Collected data

──────────

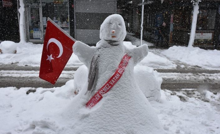 Geçtiğimiz akşam yoğun kar yağışının etkisini göstermeye başlaması ve saatlerce devam etmesi sonucunda Balıkesirliler güne bembeyaz bir görüntüyle başladı. Balıkesir’in Karesi İlçesi Milli Kuvvetler Caddesi’nde bulunan esnaflar dükkanlarının önlerine kardan adam yaparak ilginç görüntüler oluşturdular. Cadde üzerinde esnafların yaptığı kardan adamları gören vatandaşlar fotoğraf çekinmek istediler. Yoğun kar yağışı sonrasında dükkanının önüne boyu 2 metreden uzun kardan adam yapan Aybüke Baş, 3 kişi ile birlikte yaklaşık 1 saatte bitirdiklerini ifade etti. Esnaf Aybüke Baş, Balıkesir’e çok fazla kar yağmadığını ve bu yağan karı da değerlendirmek için böyle bir işe giriştiklerini ifade ederken sözlerinin devamında vatandaşların yaptıkları kardan adama yoğun ilgi gösterdiklerini ve fotoğraf çekindiklerini söyledi.Burası kardan adamların caddesi
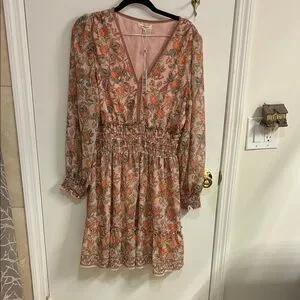 NWT Max Studio Floral Long Sleeve Dress - Pink and Orange in Sz XL
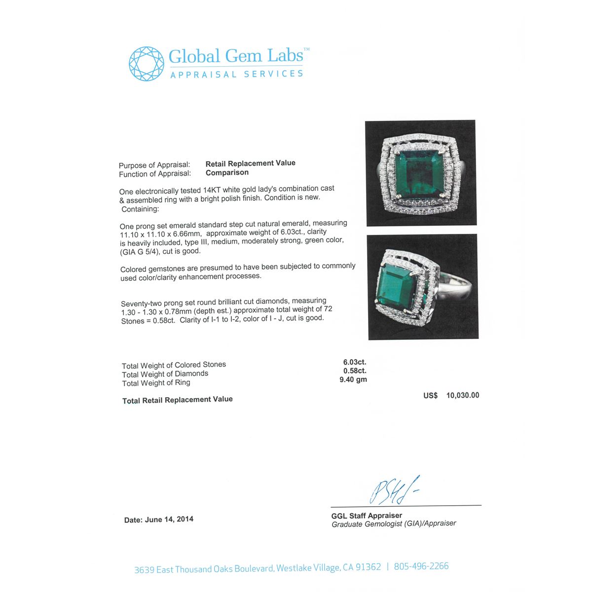 One electronically tested 14KT white gold Ladies combination cast & assembled ring with a bright polish finish. Condition is new. Containing: One prong set emerald standard step cut natural emerald, measuring 11.10 x 11.10 x 6.66mm, approximate weight of 6.03ct., clarity is heavily included, type III, medium, moderately strong, green color, (GIA G 5/4), cut is good. Colored gemstones are presumed to have been subjected to commonly used color/clarity enhancement processes. Seventy-Two prong set round brilliant cut diamonds, measuring 1.30 - 1.30 x 0.78mm (depth est.) approximate. Total Weight of 72 Stones = 0.58ct. Clarity: I-1 to I-2. Color: I - J, Cut is Good. Total Weight of Colored Stones 6.03ct. Total Weight of Diamonds 0.58ct. Total Weight of Ring 9.40 grams. GGL Appraised at $10,030.00.
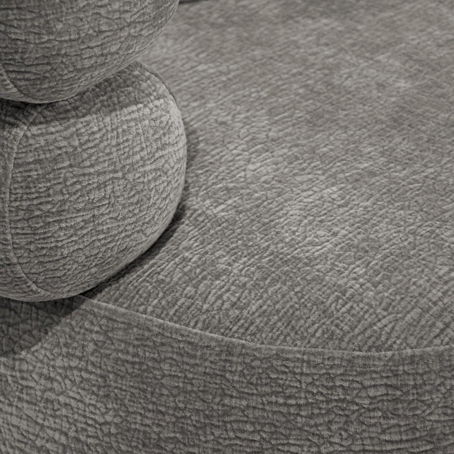 Fotoliul tapițat rotativ gri Nela este îmbrăcat într-un textil chenille premium (Dress Me 03), plăcut la atingere și cu un aspect sofisticat, caracterizat printr-o rezistență excepțională la uzură, având un test Martindale de peste 100.000 de cicluri, ceea ce garantează durabilitate îndelungată și performanță superioară chiar și în condiții de utilizare intensă.

──────────

Pictures are to be left out; all other data must be returned exactly.

 Geçtiğimiz akşam yoğun kar yağışının etkisini göstermeye başlaması ve saatlerce devam etmesi sonucunda Balıkesirliler güne bembeyaz bir görüntüyle başladı. Balıkesir’in Karesi İlçesi Milli Kuvvetler Caddesi’nde bulunan esnaflar dükkanlarının önlerine kardan adam yaparak ilginç görüntüler oluşturdular. Cadde üzerinde esnafların yaptığı kardan adamları gören vatandaşlar fotoğraf çekinmek istediler. Yoğun kar yağışı sonrasında dükkanının önüne boyu 2 metreden uzun kardan adam yapan Aybüke Baş, 3 kişi ile birlikte yaklaşık 1 saatte bitirdiklerini ifade etti. Esnaf Aybüke Baş, Balıkesir’e çok fazla kar yağmadığını ve bu yağan karı da değerlendirmek için böyle bir işe giriştiklerini ifade ederken sözlerinin devamında vatandaşların yaptıkları kardan adama yoğun ilgi gösterdiklerini ve fotoğraf çekindiklerini söyledi.Burası kardan adamların caddesi
 NWT Max Studio Floral Long Sleeve Dress - Pink and Orange in Sz XL
 One electronically tested 14KT white gold Ladies combination cast & assembled ring with a bright polish finish. Condition is new. Containing: One prong set emerald standard step cut natural emerald, measuring 11.10 x 11.10 x 6.66mm, approximate weight of 6.03ct., clarity is heavily included, type III, medium, moderately strong, green color, (GIA G 5/4), cut is good. Colored gemstones are presumed to have been subjected to commonly used color/clarity enhancement processes. Seventy-Two prong set round brilliant cut diamonds, measuring 1.30 - 1.30 x 0.78mm (depth est.) approximate. Total Weight of 72 Stones = 0.58ct. Clarity: I-1 to I-2. Color: I - J, Cut is Good. Total Weight of Colored Stones 6.03ct. Total Weight of Diamonds 0.58ct. Total Weight of Ring 9.40 grams. GGL Appraised at $10,030.00.
 Fotoliul tapițat rotativ gri Nela este îmbrăcat într-un textil chenille premium (Dress Me 03), plăcut la atingere și cu un aspect sofisticat, caracterizat printr-o rezistență excepțională la uzură, având un test Martindale de peste 100.000 de cicluri, ceea ce garantează durabilitate îndelungată și performanță superioară chiar și în condiții de utilizare intensă.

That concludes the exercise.